Listed records —
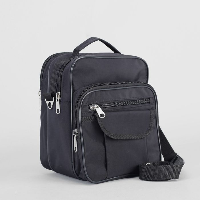 Сумка мужская на молнии, 2 отдела, 3 наружных кармана, регулируемый ремень, цвет чёрный
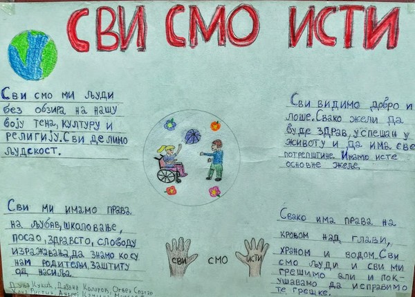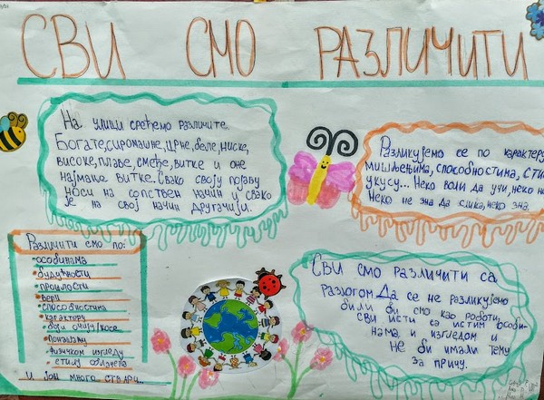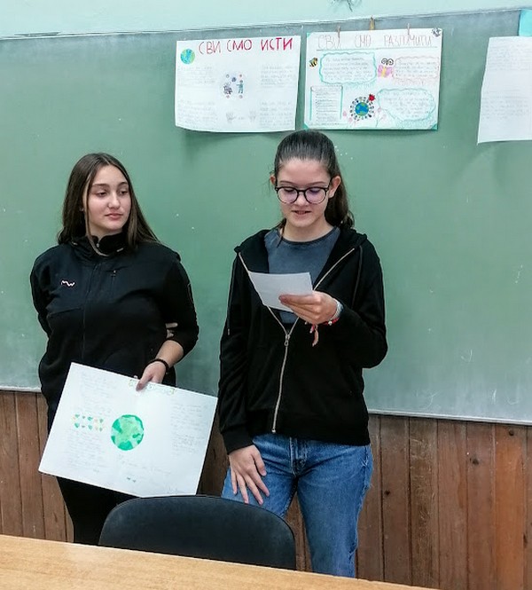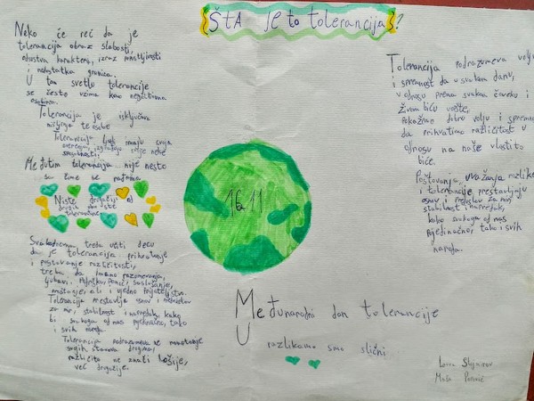 Ученици VII-2 са одељенским старешином, професорком Снежаном Лончар, обележили су 16. новембар Међународни дан толеранције радионицом на тему “У разликама смо слични”. Ученици су подељени у четири групе. Свака од група група имала је задатак да објасни и презентује одељењу по једну тему:
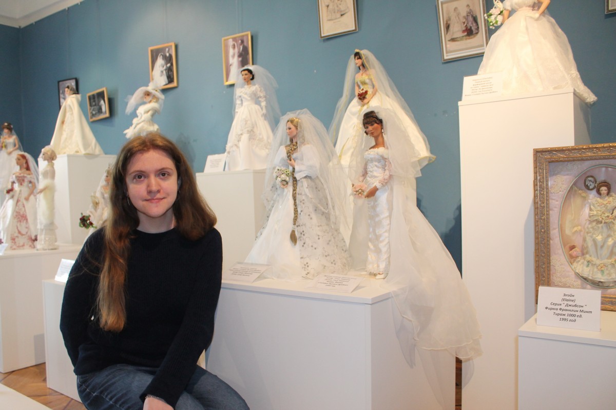 По профессии Наталья графический дизайнер, но потом увлечение куклами затянуло, она полностью занялась музеем, а также созданием кукол и нарядов для них. Теперь этим и живет. В Калугу коллекционер привезла 86 свадебных кукол.
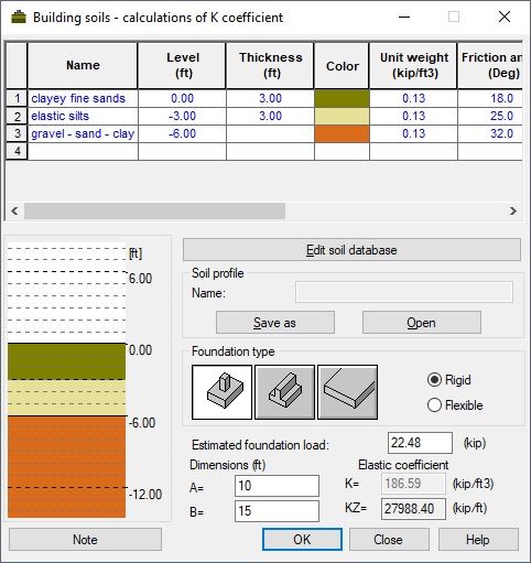 В калькуляторе, коэффициент K рассчитывается на основании среднего значения нагрузки на фундамент на единицу площади. Эквивалентные KZ коэффициент для фундамента с заданными размерами также рассчитаны.
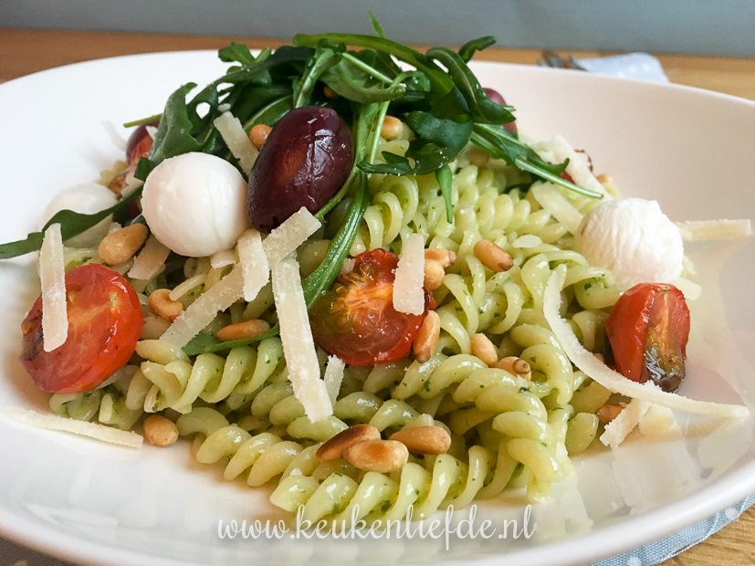 We eten pasta pesto! Met zelfgemaakte pesto, daar kan namelijk geen potje aan tippen. Recept voor de pasta pesto ga ik met je delen.
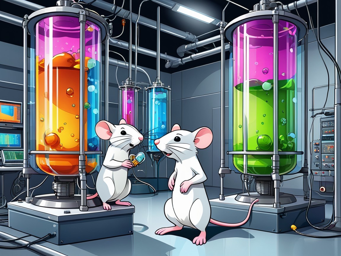 In a laboratory, two cartoon mice stand beside colorful glass tubes filled with vibrant liquids. The setting is high-tech, with various screens displaying data. The mice appear curious and playful.
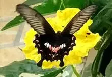 玉斑凤蝶Papilio helenus 别名白纹凤蝶,是凤蝶科凤蝶属美凤蝶亚属大型种类。雌雄同型;体翅皆黑色,后翅正面中室外有3个并列的白色斑,亚外缘有1列模糊的新月形红色斑,…全部>>
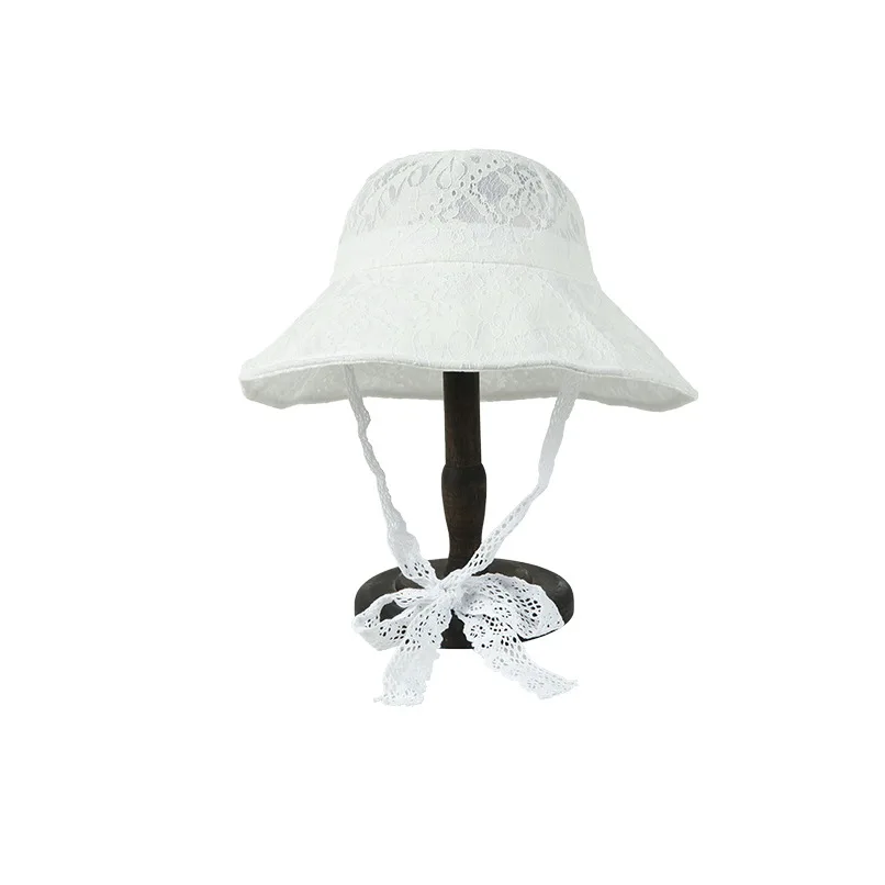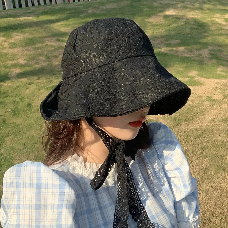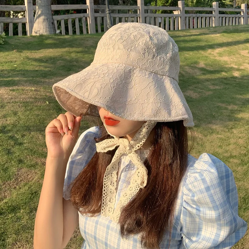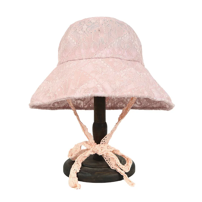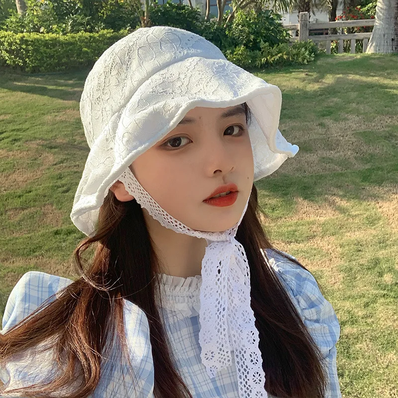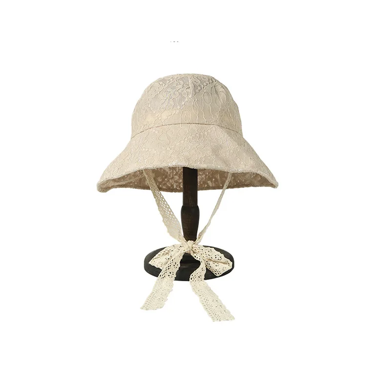 OMEA Lace Bucket Hat Women Cute Floral Fisherman Hat Summer Beach Visor Adjustable Ribbon Wide Brim Bonnet Elegant Cap Luxury
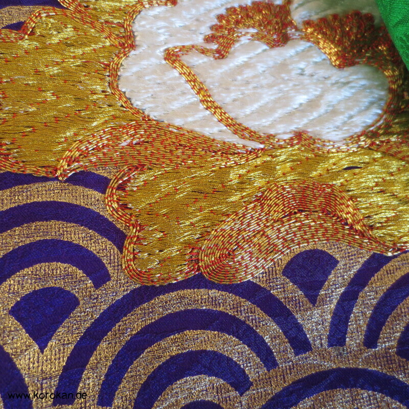 japanischer Vintage Furisode Seidendamast mit gewebten Kranichdiamantrauten Kakeshita langer Hochzeits Kimono, teilbestickt mit viel Goldauflage und Goldfäden. Da der Kimono auch im mittleren Bereich gemustert ist kann man ihn auch als Uchikake Hochzeitsmantel tragen.
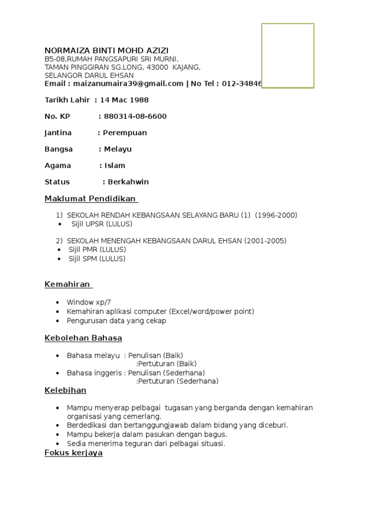 Contoh objektif kerjaya untuk resume 1. Contoh resume terbaik format lengkap untuk mohon kerja. View contoh resume bahasa melayu docdoc from ba 243 at universiti teknologi mara.
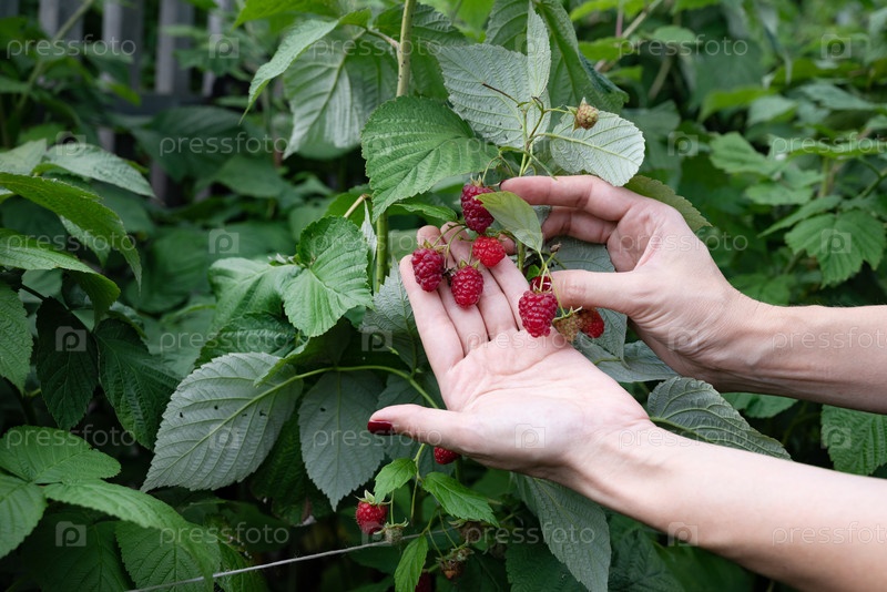 Садоводство, сбор урожая, концепция сельского хозяйства. Покрытие руки пожилой женщины, собирающей малину в открытом саду. Выборочное внимание к красной ягоде в руке

Activity —
The records above must be printed exactly; the pictures stay out.

Output —
 Сумка мужская на молнии, 2 отдела, 3 наружных кармана, регулируемый ремень, цвет чёрный
 Ученици VII-2 са одељенским старешином, професорком Снежаном Лончар, обележили су 16. новембар Међународни дан толеранције радионицом на тему “У разликама смо слични”. Ученици су подељени у четири групе. Свака од група група имала је задатак да објасни и презентује одељењу по једну тему:
 По профессии Наталья графический дизайнер, но потом увлечение куклами затянуло, она полностью занялась музеем, а также созданием кукол и нарядов для них. Теперь этим и живет. В Калугу коллекционер привезла 86 свадебных кукол.
 В калькуляторе, коэффициент K рассчитывается на основании среднего значения нагрузки на фундамент на единицу площади. Эквивалентные KZ коэффициент для фундамента с заданными размерами также рассчитаны.
 We eten pasta pesto! Met zelfgemaakte pesto, daar kan namelijk geen potje aan tippen. Recept voor de pasta pesto ga ik met je delen.
 In a laboratory, two cartoon mice stand beside colorful glass tubes filled with vibrant liquids. The setting is high-tech, with various screens displaying data. The mice appear curious and playful.
 玉斑凤蝶Papilio helenus 别名白纹凤蝶,是凤蝶科凤蝶属美凤蝶亚属大型种类。雌雄同型;体翅皆黑色,后翅正面中室外有3个并列的白色斑,亚外缘有1列模糊的新月形红色斑,…全部>>
 OMEA Lace Bucket Hat Women Cute Floral Fisherman Hat Summer Beach Visor Adjustable Ribbon Wide Brim Bonnet Elegant Cap Luxury
 japanischer Vintage Furisode Seidendamast mit gewebten Kranichdiamantrauten Kakeshita langer Hochzeits Kimono, teilbestickt mit viel Goldauflage und Goldfäden. Da der Kimono auch im mittleren Bereich gemustert ist kann man ihn auch als Uchikake Hochzeitsmantel tragen.
 Contoh objektif kerjaya untuk resume 1. Contoh resume terbaik format lengkap untuk mohon kerja. View contoh resume bahasa melayu docdoc from ba 243 at universiti teknologi mara.
 Садоводство, сбор урожая, концепция сельского хозяйства. Покрытие руки пожилой женщины, собирающей малину в открытом саду. Выборочное внимание к красной ягоде в руке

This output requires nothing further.